Action item:
Keep every word of the listing and drop the images when you write it out.

Dataset section:

*** Begin section ***

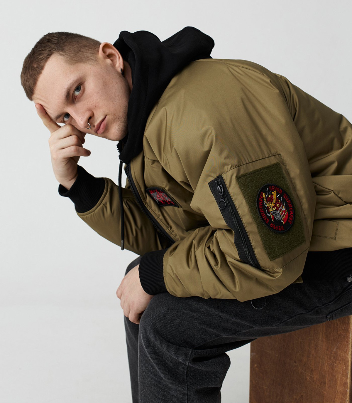 Бомбер MEDOOZA с патчами "Bushido" (оливковый)
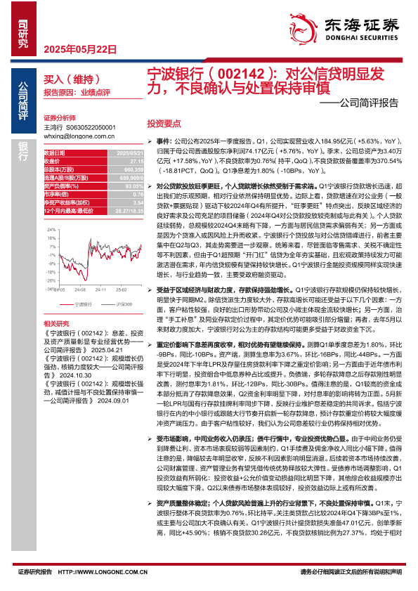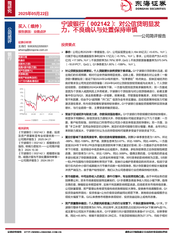 【东海证券】【20250522】宁波银行(002142):对公信贷明显发力,不良确认与处置保持审慎——公司简评报告-10页
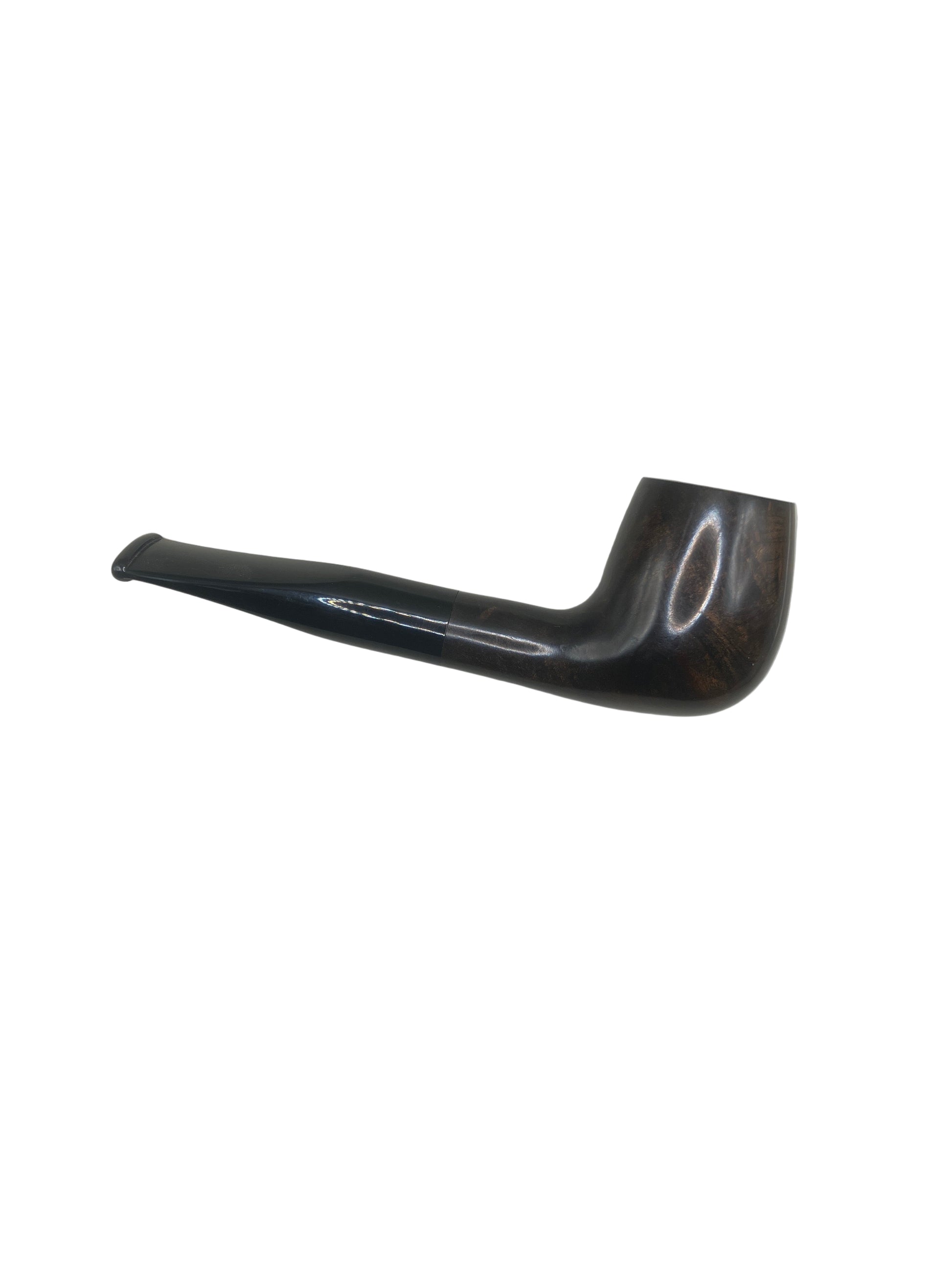 Munstycket är rakt och avslutas i en saddle-form som plattas ut mot spetsen. Detta ger en mjuk och bekväm känsla när man röker och håller pipan i munnen. Den raka linjen från skålen till munstycket förstärker pipans traditionella karaktär och skapar en ren och tydlig siluett.

*** End section ***

Solved problem:
 Бомбер MEDOOZA с патчами "Bushido" (оливковый)
 【东海证券】【20250522】宁波银行(002142):对公信贷明显发力,不良确认与处置保持审慎——公司简评报告-10页
 Munstycket är rakt och avslutas i en saddle-form som plattas ut mot spetsen. Detta ger en mjuk och bekväm känsla när man röker och håller pipan i munnen. Den raka linjen från skålen till munstycket förstärker pipans traditionella karaktär och skapar en ren och tydlig siluett.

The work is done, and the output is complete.